Dan ini bukan salah dari para koas saja. Mari kita ambil contoh, di salah satu bagian besar di RS.Kariadi (yang uda pada koas pasti bisa menebak). Dari awal kami masuk dan menjalani stase tersebut kami seolah dididik menjadi 'koas yang bener gara gara takut ujiannya dapet dosen susah', bukanny membentuk menjadi 'koas yang bener untuk nantinya menjadi dokter yang kompeten sebagai dokter'. Jujur saya selama dua bulan disana teriritasi dengan paradigma tersebut, semoga saya salah.

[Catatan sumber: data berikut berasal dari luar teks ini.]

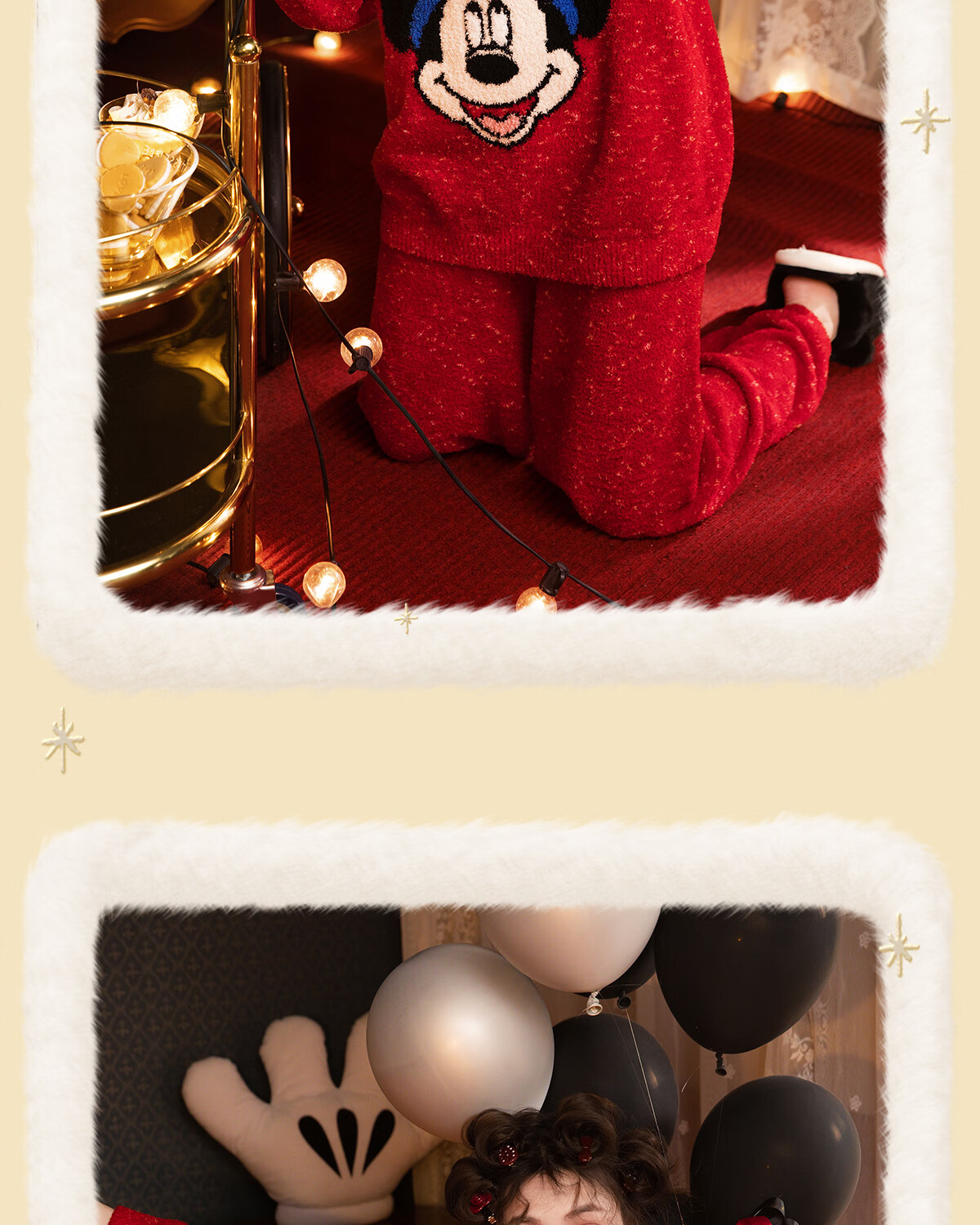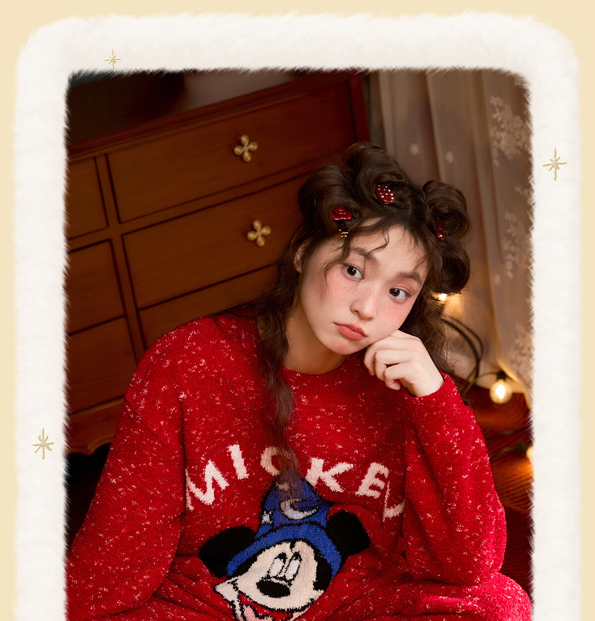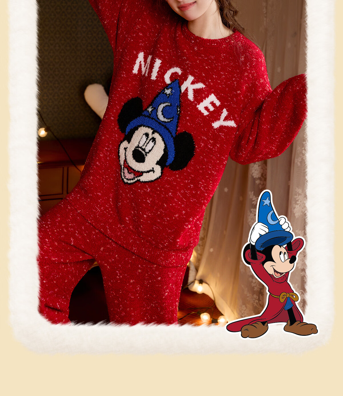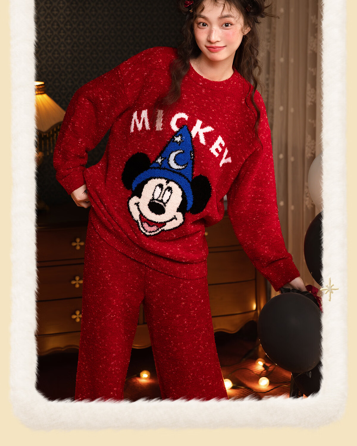 Gongdie Heat Storage Type Disney Mickey Autumn and Winter Red Couple Pajamas Women's Half Velvet Wedding Home Clothing for Men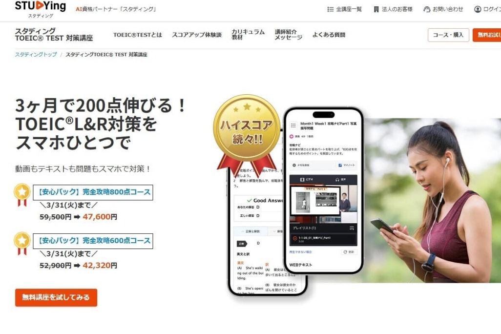 スタディング TOEIC講座は、忙しい方が着実にスコアアップを目指せるカリキュラムや教材が魅力です。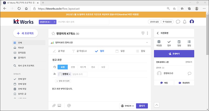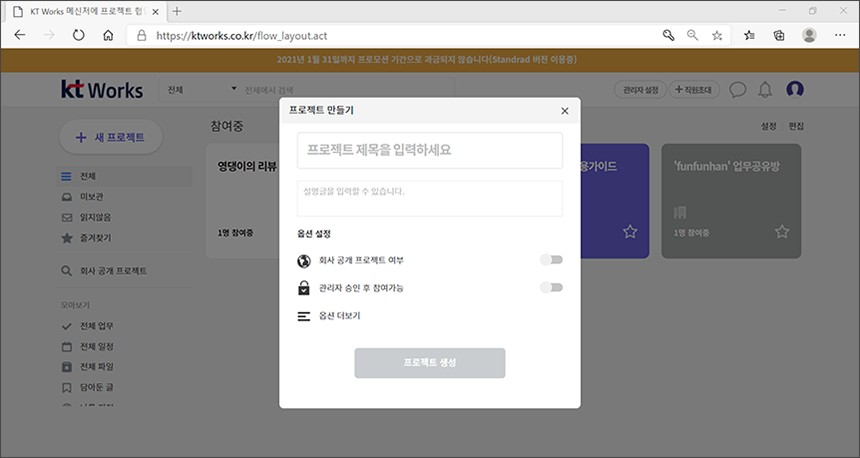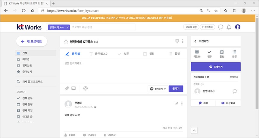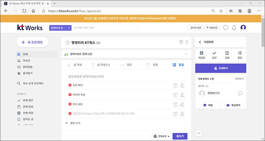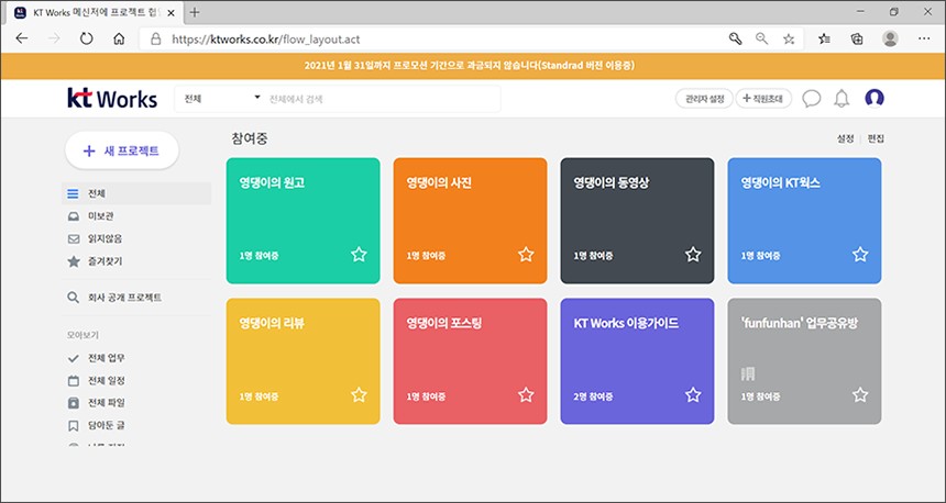 KT Works는 현재 프로모션 기간이라서 과금이 되지는 않고 나중에 1인당 매월 7,000원(부가가치세 별도)이라는 금액으로 이용할 수 있습니다. 참고로 Standard 요금제는 프로젝트 개설 무제한, 저장공간 500GB 그리고 전용 도메인 제공 등의 혜택이 포함되어 있습니다.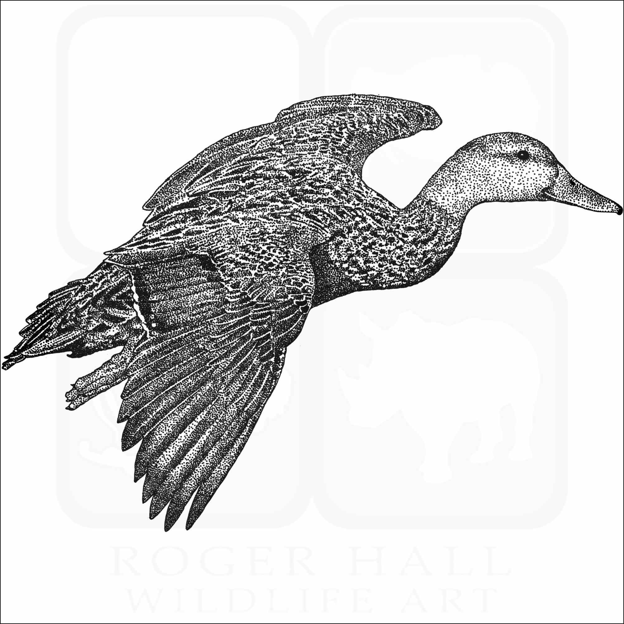 Fine art illustration of a Mottled Duck (Anas fulvigula.) The illustration is available in black and white or color.
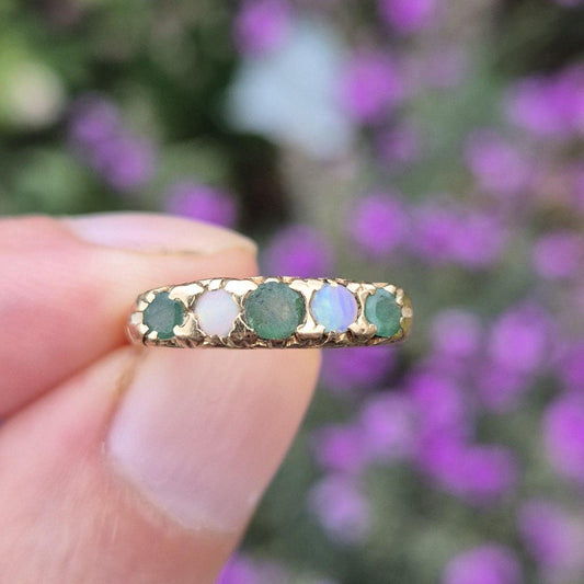 Vintage Emerald and Opal 5-Stone Ring | UK Size L 1/2 | US Size 6 | 9ct
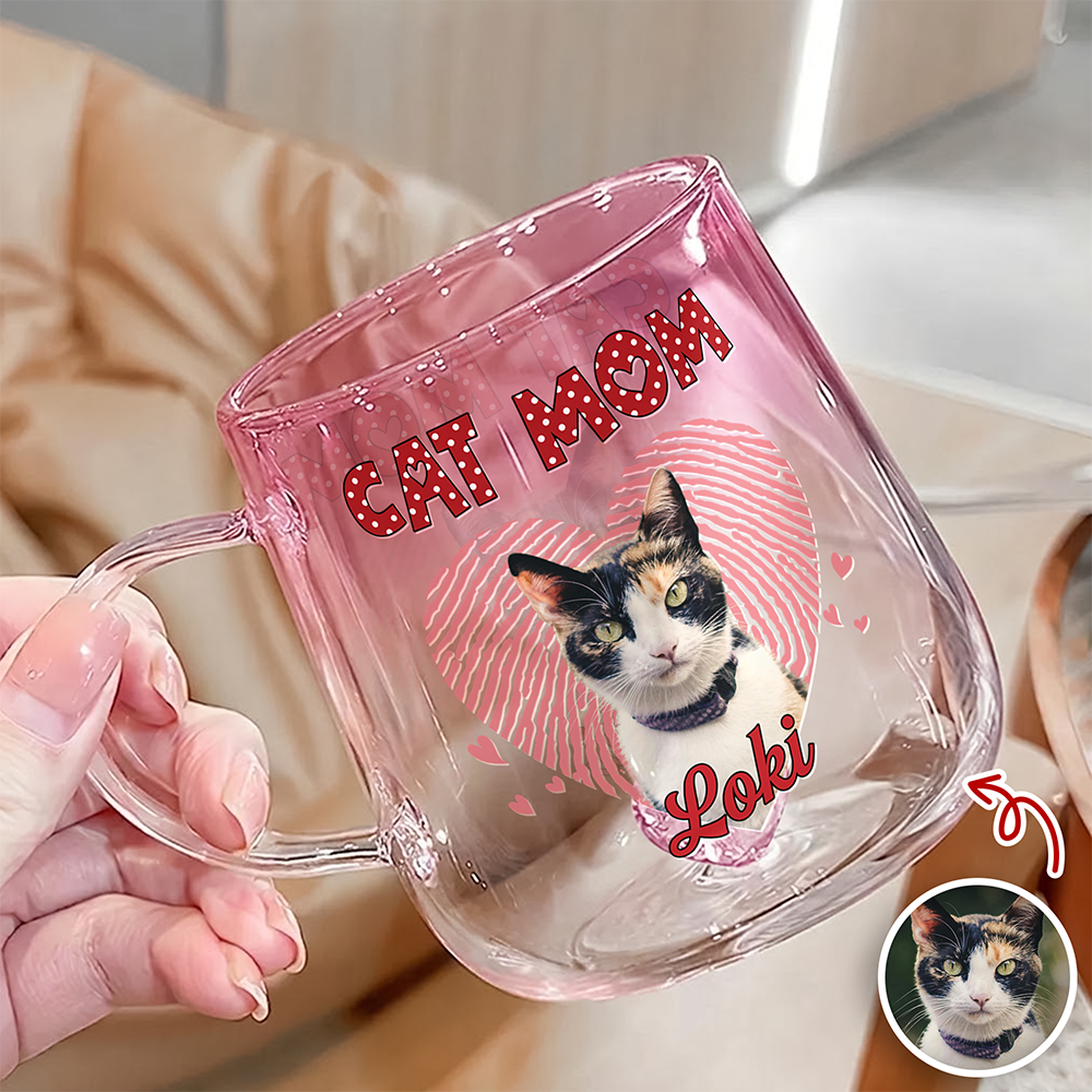 Custom Photo Dog Mom Cat Mom Pink Gradient Glass Mug - Gift For Dog Cat Mom, Mother's Day HO82 901768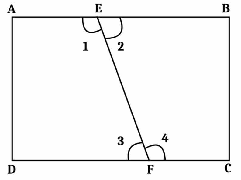 The angles formed with a line along the fold created are ∠AEF, ∠BEF,∠DFE, and ∠CFE, which are marked with 1, 2, 3, and 4. Out of these angles ∠AEF and ∠CFE are the larger ones, whereas ∠BEF and ∠DFE are the smaller ones.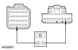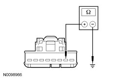 - Measure the resistance between PAD (Passenger Air Bag Deactivation) indicator C2114-2, circuit RR224 (GY/BU), harness side and ground.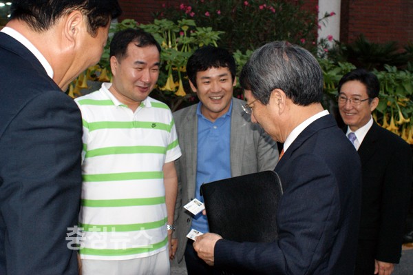 ▲ 정운찬 前 총리와 김거수 충청뉴스 대표가 인사를 나누고 있다.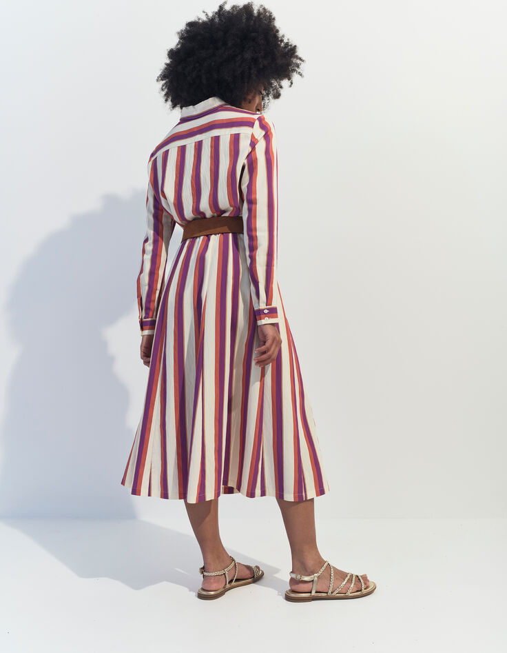 La jupe JOYAU porte bien son nom. Longueur midi, entièrement boutonnée devant, elle s'offre un motif rayures couleur exclusif, dans les tons d'écru, orange et violet. Les plus audacieuses l'associeront à la chemise CHRISTA assortie.

Sisi lain lagi, penilaian yang subjektif selalu saja menjadi bumbu bumbu keseruan pada minggu minggu ujian. Absolut, beda dosen, otak sama, nilainya bisa berbeda. Tetapi menurut saya hal ini adalah wajar dalam dunia pendidikan.
hmm, bagaimanapun, harapan saya, dengan hanya demi 'nilai', jangan sampai kita semua merusak nilai luhur dari mimpi...sepakat kan ya?

1 comment:

dai said...

nice post mil.

Iya, pada akhirnya setelah melewati suatu stase, kita akan bertanya: eh, aku udah dapet apa aja ya?
dan kurasa jawabannya mungkin akan segera kita tahu nanti pas kompre.
Oh, atau pas ditanya teman atau saudara, "aku kok mengeluh ini... anu... itu apa ya? obatnya apa?"

semangat jadi dokter, bukan (cuma) jadi lulusan bernilai bagus. amin.